Отцу современного диалектического материализма приписывают такой взгляд на историю человеческой мысли, который был бы ничем иным, как повторением метафизических рассуждений Гельвеция. Взгляд Маркса на историю, например, философии, часто понимается приблизительно так: если Кант занимался вопросами трансцендентальной эстетики, если он говорил о категориях рассудка или об антиномиях разума, то у него это одни фразы: ему в действительности вовсе неинтересны были ни эстетика, ни антиномии, ни категории, ему нужно было только одно: доставить классу, к которому он принадлежал, т. е. немецкой мелкой буржуазии, как можно больше вкусных блюд и «прекрасных невольниц». Категории и антиномии казались ему прекрасным средством для этого, вот он и стал «разводить» их. Нужно ли уверять, что это совершеннейшие пустяки?! Когда Маркс говорит, что данная теория соответствует такому-то периоду экономического развития общества, то он вовсе не хочет сказать этим, что мыслящие представители класса, господствовавшего в течение этого периода, сознательно подгоняли свои взгляды к интересам своих более или менее богатых, более или менее щедрых благодетелей.

Сикофанты были, разумеется, всегда и везде, но не они двигали вперед человеческий разум. Те же, которые действительно двигали его, заботились об истине, а не об интересах сильных мира сего.

«На различных формах собственности, – говорит Маркс, – на общественных условиях существования возвышается целая надстройка различных своеобразных чувств и иллюзий, взглядов и понятий.

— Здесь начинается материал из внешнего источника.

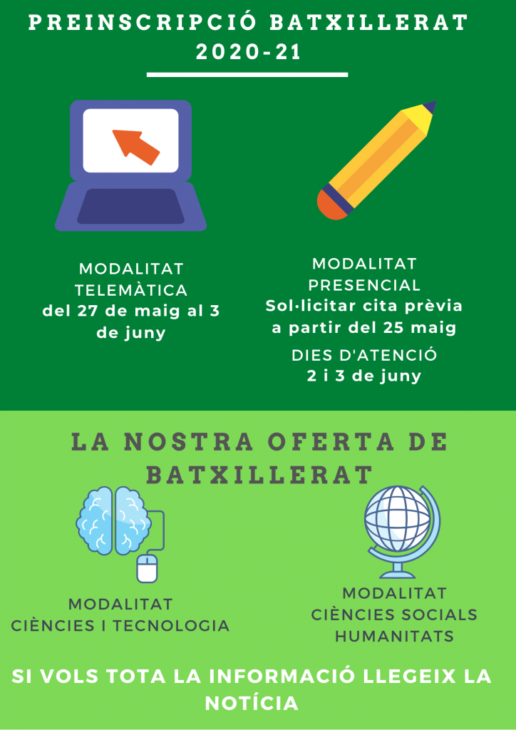 PREINSCRIPCIÓ BATXILLERAT [2020-21]: Què cal saber i com s’ha de fer?
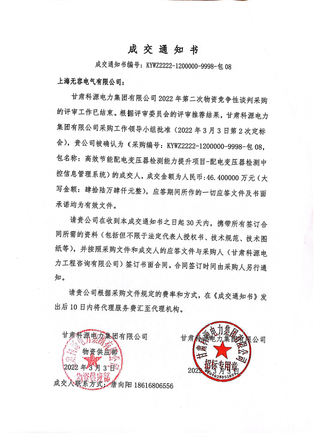 甘肃中标通知书
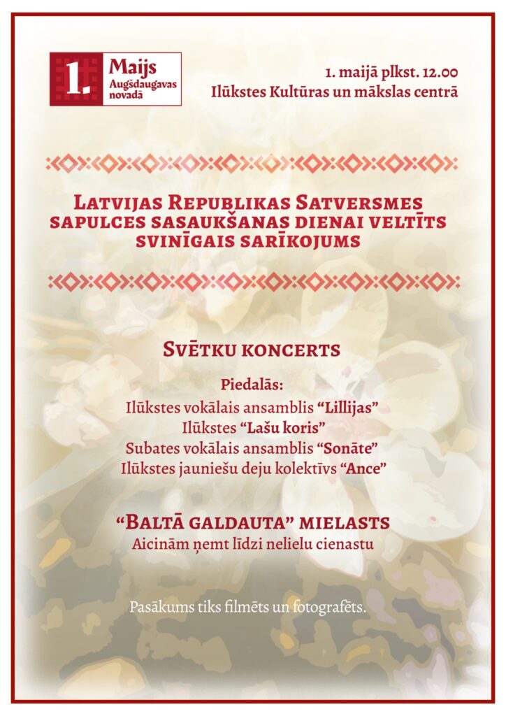 1. maijā plkst. 12.00 Ilūkstes Kultūras un mākslas centrā notiks Latvijas Republikas Satversmes sapulces sasaukšanas dienai veltīts svinīgais sarīkojums.

Все это творится и формируется целым классом на почве материальных условий его существования и соответствующих им общественных отношений». Процесс возникновения идеологической надстройки совершается незаметным для людей образом. Они рассматривают эту надстройку не как временный продукт временных отношений, а как нечто естественное и обязательное по своей собственной сущности. Отдельные лица, взгляды и чувства которых складываются под влиянием воспитания и вообще окружающей обстановки, могут быть преисполнены самого искреннего, вполне самоотверженного отношенияк тем взглядам и к тем формам общежития, которые исторически возникли на почве более или менее узких классовых интересов. То же и с целыми партиями. Французские демократы 1848 г. выражали стремления мелкой буржуазии. Мелкая буржуазия естественно стремилась отстоять свои классовые интересы. Но «было бы, однако, ограниченностью думать, – говорит Маркс, – что мелкая буржуазия сознательно стремится отстоять эгоистичный классовый интересе. Наоборот, она полагает, что частные условия ее освобождения представляют собою общие условия, при которых только и может быть достигнуто спасение современного общества и устранена борьба классов. Точно так же не следует думать, будто все представители мелкой буржуазии – лавочники или поклонники лавочников. По своему образованию и личному положению они могут быть, как небо от земли, далеки от лавочников. Представителями мелкой буржуазии их делает то обстоятельство, что их мысль не выходит за пределы житейской обстановки мелкой буржуазии и что поэтому они приходят к тем же задачам и решениям в теории, к которым мелкий буржуа приходит благодаря своим материальным интересам и своему общественному положению, на практике. Таково вообще отношение между политическими и литературными представителями данного класса, с одной стороны, и самим этим классом, с другой».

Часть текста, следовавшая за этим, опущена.